_Your instructions_: Exact transcription begins at the first line of the material below and ends with the line holding "Gautier 폭풍 학년"; pictures are skipped.

_Provided data_:
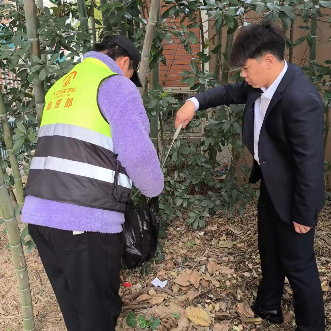 为了贯彻“校园烟头不落地,宿舍安全共保护”的理念,人工智能学院学生自治管理中心于12月3日上午11点45分组织针对宿舍楼周边区域烟头清理的志愿服务活动。参与的志愿者们准时到达指定地点,用自己的实际行动为美丽校园的建设助力,为构建绿色整洁的校园环境贡献出了自己的一份力量。此次活动不仅强化了校园环境的治理,也增强了学生们的环保意识和责任感。
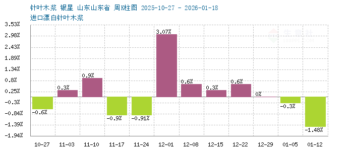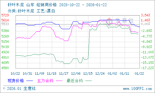 据生意社商品行情分析系统监测:近期针叶浆和阔叶浆价格均呈现阶梯式下行。2026年1月22日针叶木浆山东地区市场均价为5483.33元/吨,与1月11日均价相比下降了2.37%。1月22日阔叶木浆山东地区市场均价为4650元/吨,与1月11日均价相比下降了2.11%。
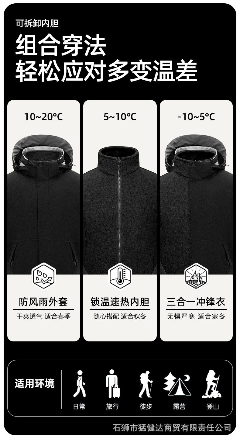 Gautier 폭풍 학년 보호 재킷 남자의 야외 3-in-one 여행 방수 재킷 따뜻한 등산 세트스토어 가기
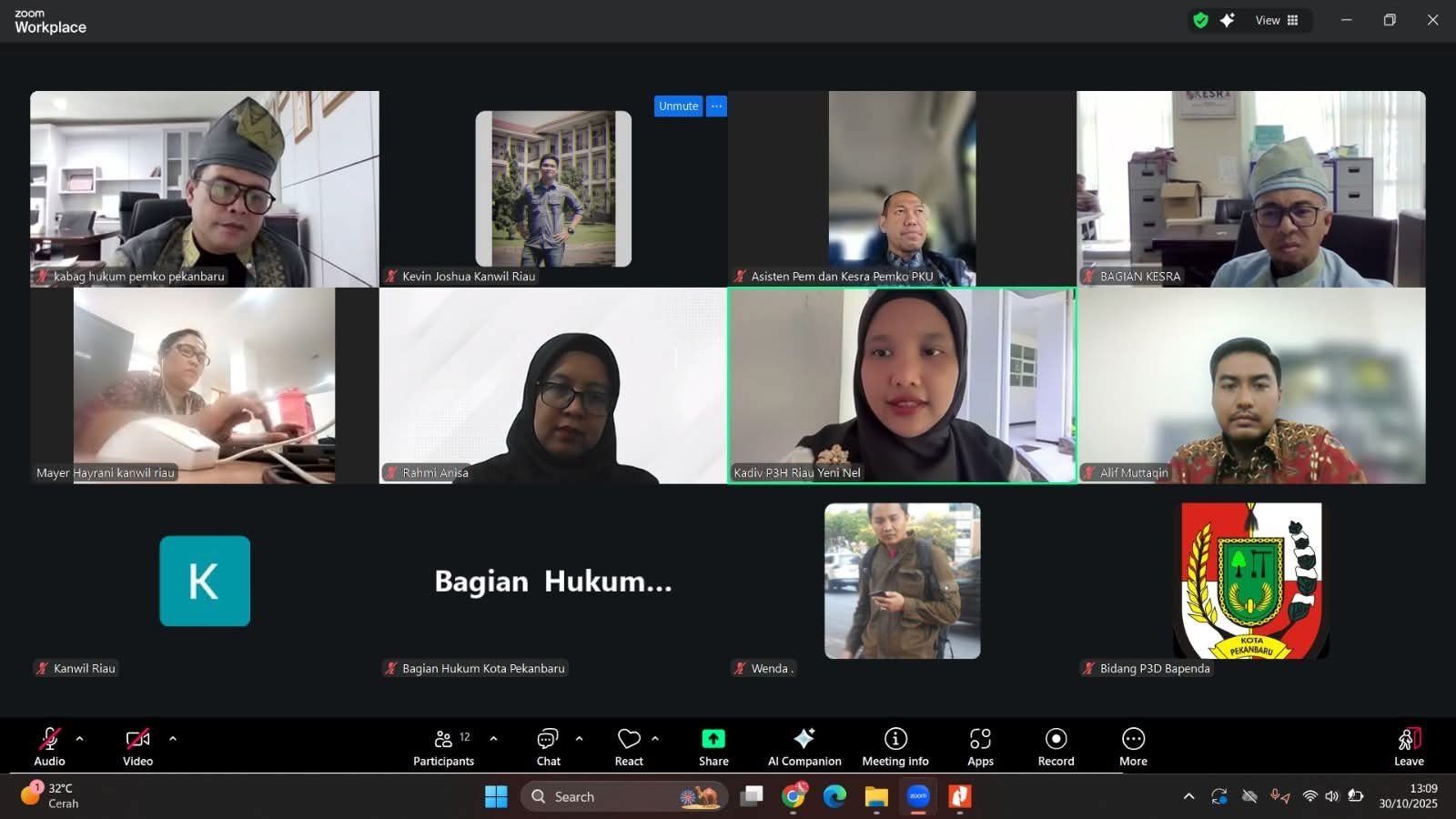 DETEKSI24.com – PEKANBARU – Kantor Wilayah Kementerian Hukum Riau melalui Divisi Peraturan Perundang-undangan dan Pembinaan Hukum (P3H) melaksanakan Rapat Harmonisasi Rancangan Peraturan Wali Kota (Ranperwako) Pekanbaru secara daring pada Kamis (30/10/2025).
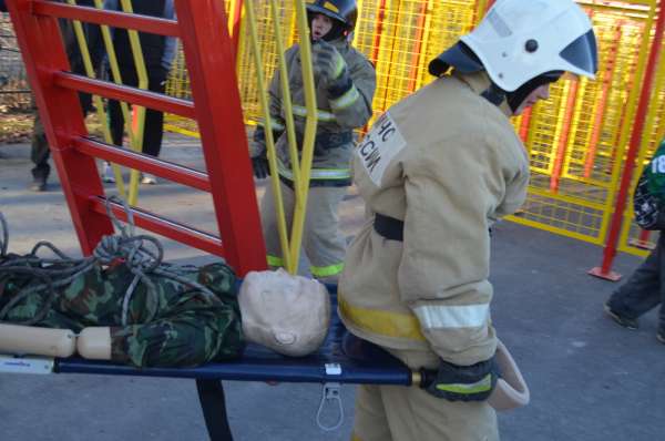 Начинается он с подъема и преодоления препятствий на большой высоте, спасения пострадавшего, преодоления лабиринта. Одним из ключевых моментов становится спуск в колодец, предназначенный для подготовки к спасению людей из заглубленных помещений, колодцев, коллекторов… Как это будет происходить, студенты демонстрируют с помощью манекена, которого аккуратно спускают с большой высоты. Студенты выполняют и другие, не менее сложные задачи, благодаря которым даже непосвященным становится ясно – полоса поможет учащимся совершенствовать мастерство. А завершается тестовый забег подъемом еще на одну высоту с российским флагом в руках. И сразу же внимание привлекает туристическая полоса, где девушки демонстрируют сложные подъемы и спуски.
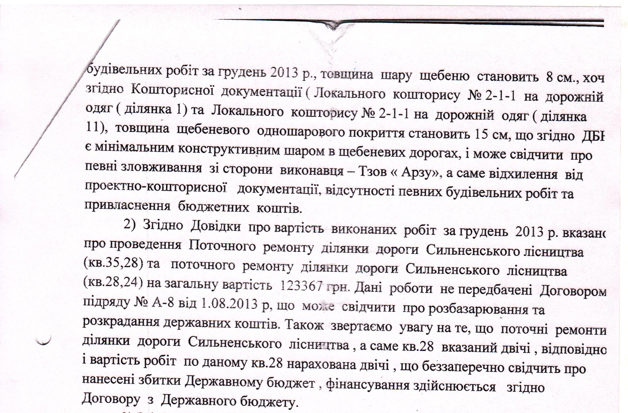 Згідно з Довідкою про вартість виконаних робіт за грудень 2013 року, вказано про проведення Поточного ремонту ділянки дороги Сильненського лісництва (квартали 35,28) та поточного ремонту ділянки дороги Сильненського лісництва (квартали 28,24) на загальну вартість 123367 гривень. Такі роботи не передбачені Договором підряду № А-8 від 1.08.2013 року.
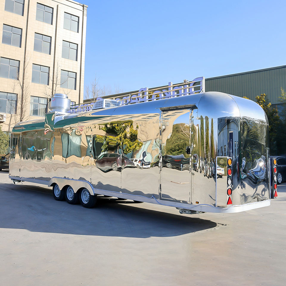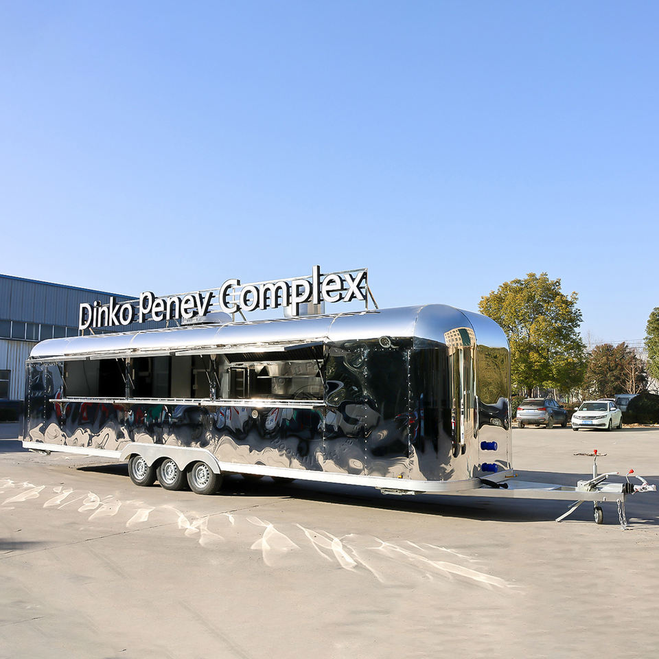 รถพ่วงขายพิซซ่าเคลื่อนที่สแตนเลสสั่งทำพิเศษ ขนาด 5 เมตร พร้อมอุปกรณ์ครัวครบครัน ป้องกันสนิม ใช้งานได้ทั้งในร่มและกลางแจ้ง
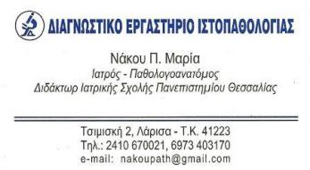 Δ: Τσιμισκή 2, τ.κ 41223, Λάρισα T: 2410670021 | 6973403170 E: nakoupath@gmail.com
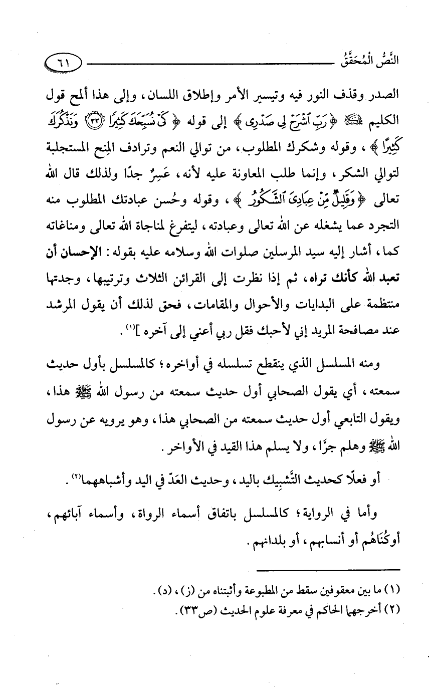 الصدر وقذف النور فيه وتيسير الأمر وإطلاق اللسان، وإلى هذا ألمح قول الكليم - عليه السلام - {رَبِّ اشْرَحْ لِي صَدْرِي} إلى قوله {كَيْ نُسَبِّحَكَ كَثِيرًا وَنَذْكُرَكَ كَثِيرًا}، وقوله وشكرك المطلوب، من توالي النعم وترادف المِنح المستجلبة لتوالي الشكر، وإنما طلب المعاونة عليه لأنه، عَسِرٌ جدًا ولذلك قال الله تعالى {وَقَلِيلٌ مِنْ عِبَادِيَ الشَّكُورُ}، وقوله وحُسن عبادتك المطلوب منه التجرد عما يشغله عن الله تعالى وعبادته، ليتفرغ لمناجاة الله تعالى ومناغاته كما، أشار إليه سيد المرسلين صلوات الله وسلامه عليه بقوله: الإحسان أن تعبد الله كأنك تراه، ثم إذا نظرت إلى القرائن الثلاث وترتيبها، وجدتها منتظمة على البدايات والأحوال والمقامات، فحق لذلك أن يقول المرشد عند مصافحة المريد إني لأحبك فقل ربي أعني إلى آخره] (¬1)

_Answer area_:
 为了贯彻“校园烟头不落地,宿舍安全共保护”的理念,人工智能学院学生自治管理中心于12月3日上午11点45分组织针对宿舍楼周边区域烟头清理的志愿服务活动。参与的志愿者们准时到达指定地点,用自己的实际行动为美丽校园的建设助力,为构建绿色整洁的校园环境贡献出了自己的一份力量。此次活动不仅强化了校园环境的治理,也增强了学生们的环保意识和责任感。
 据生意社商品行情分析系统监测:近期针叶浆和阔叶浆价格均呈现阶梯式下行。2026年1月22日针叶木浆山东地区市场均价为5483.33元/吨,与1月11日均价相比下降了2.37%。1月22日阔叶木浆山东地区市场均价为4650元/吨,与1月11日均价相比下降了2.11%。
 Gautier 폭풍 학년 보호 재킷 남자의 야외 3-in-one 여행 방수 재킷 따뜻한 등산 세트스토어 가기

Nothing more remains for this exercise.